These results show that our ensemble approach to predict the structure of proteins associated with poly-Q diseases appears to be appropriate. Using multiple seeds it is possible to obtain an ensemble of structures that show reasonable diversity, but still retain the main features. We believe that this approach is quite promising because it can incorporate in future analysis the diverse structure of which appears to be an emerging observation from the limited experimental data on these proteins.

Validity evaluation of I-TASSER and Rosetta

As depicted in Figure 2(a) not all of the 21 PDB structures have been resolved in the poly-Q region, which is our main interest. For instance, the longest well resolved poly-Q region is the B chain of the 3IOW [PDB: 3IOW] structure in which all the 17 Qs structures are resolved, whereas for the A chain of the 3IOT [PDB: 3IOT] structure only one Q has been resolved. Also, there are numerous gaps in several structures as some of the residues are not resolved. Taking this into account and in order to make an accurate comparison with the experimental ones in the region of interest, only PDB structures in which at least 9 (more than half the total number) of consecutive Qs in the poly-Q region show well resolved structures were used for the evaluation of the results produced with I-TASSER and Rosetta. There are ten PDB structures that meet this criteria: the B chain of 3IO4 [PDB: 3IO4] (3io4_b), the C chain of 3IO4 [PDB: 3IO4] (3io4_c), the B chain of 3IO6 [PDB: 3IO6] (3io6_b), the C chain of 3IO6 [PDB: 3IO6] (3io6_c), the C chain of 3IOR [PDB: 3IOR] (3ior_c), the B chain of 3IOT [PDB: 3IOT] (3iot_b), the C chain of 3IOU [PDB: 3IOU] (3iou_c), the B chain of 3IOV [PDB: 3IOV] (3iov_b), the C chain of 3IOV [PDB: 3IOV] (3iov_c), and the B chain of 3IOW [PDB: 3IOW] (3iow_b). The number of consecutive Qs in each structure is shown in Table 8.

Table 8 Numbers of Qs in the PDB structures.

The best 50 I-TASSER and 50 Rosetta models were compared with these 10 PDB structures using the TM-align program. TM-scores, root-mean-square deviation (RMSD), aligned number of residues, sequence identity and the structure superposition were obtained from TM-align [36]; the number of exact matches and the number of exact matched Qs were extracted from the structure alignment and finally the exact structure overlap (ESO) and exact structure overlap of Qs (ESOP) were calculated using equation (2) and equation (3) given in the methods section. The values of each similarity parameter considered here are shown in Table 9 along with the p-values assessing the significance of the difference between the I-TASSER and Rosetta results.

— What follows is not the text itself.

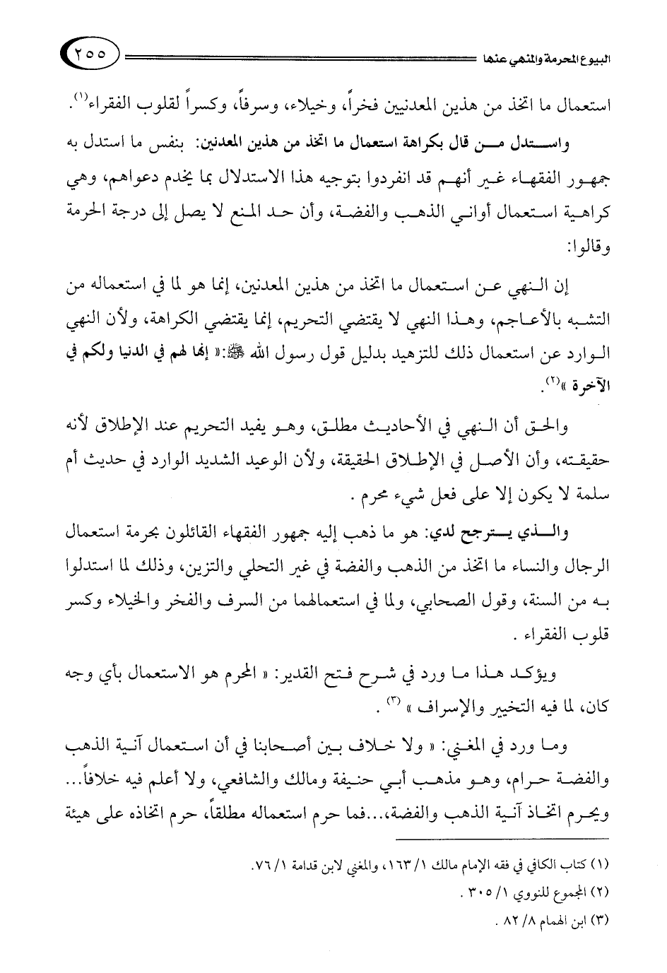 وما ورد في المغني: "ولا خلاف بين أصحابنا في أن استعمال آنية الذهب والفضة حرام، وهو مذهب أبي حنيفة ومالك والشافعي، ولا أعلم فيه خلافاً ... ويحرم اتخاذ آنية الذهب والفضة، ... فما حرم استعماله مطلقاً، حرم اتخاذه على هيئة
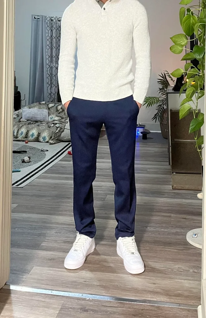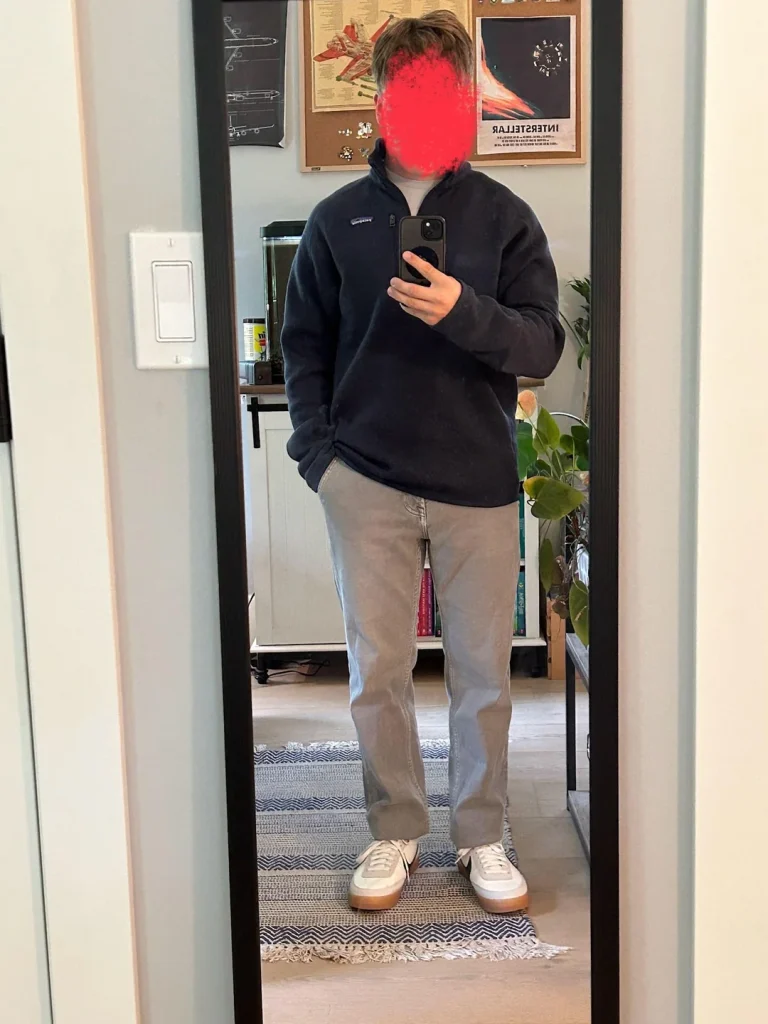 r/RedditDiver closes it out with that perfect streetwear-meets-casual vibe: black quarter-zip fleece over beige boot-cut pants and cream sneakers. This is contemporary casual done exactly right comfortable, current, and completely achievable.

Table 9 Distribution of structure superposition parameters between predicted models and PDB structures

The average TM-score of I-TASSER/PDB superposition pairs is 0.50 and the average TM-score of Rosetta/PDB pairs is 0.45, reflecting the fact that 253, of the 500, I-TASSER/PDB pairs have TM-scores greater than 0.5 while only 87 pairs of the Rosetta/PDB pairs have TM-scores greater than 0.5. The average RMSD of I-TASSER/PDB pairs (1.53 Å) is also smaller than that of Rosetta/PDB pairs (1.74 Å). Other TM-align parameters depicted in Table 9 also show that I-TASSER performs better than Rosetta in this test.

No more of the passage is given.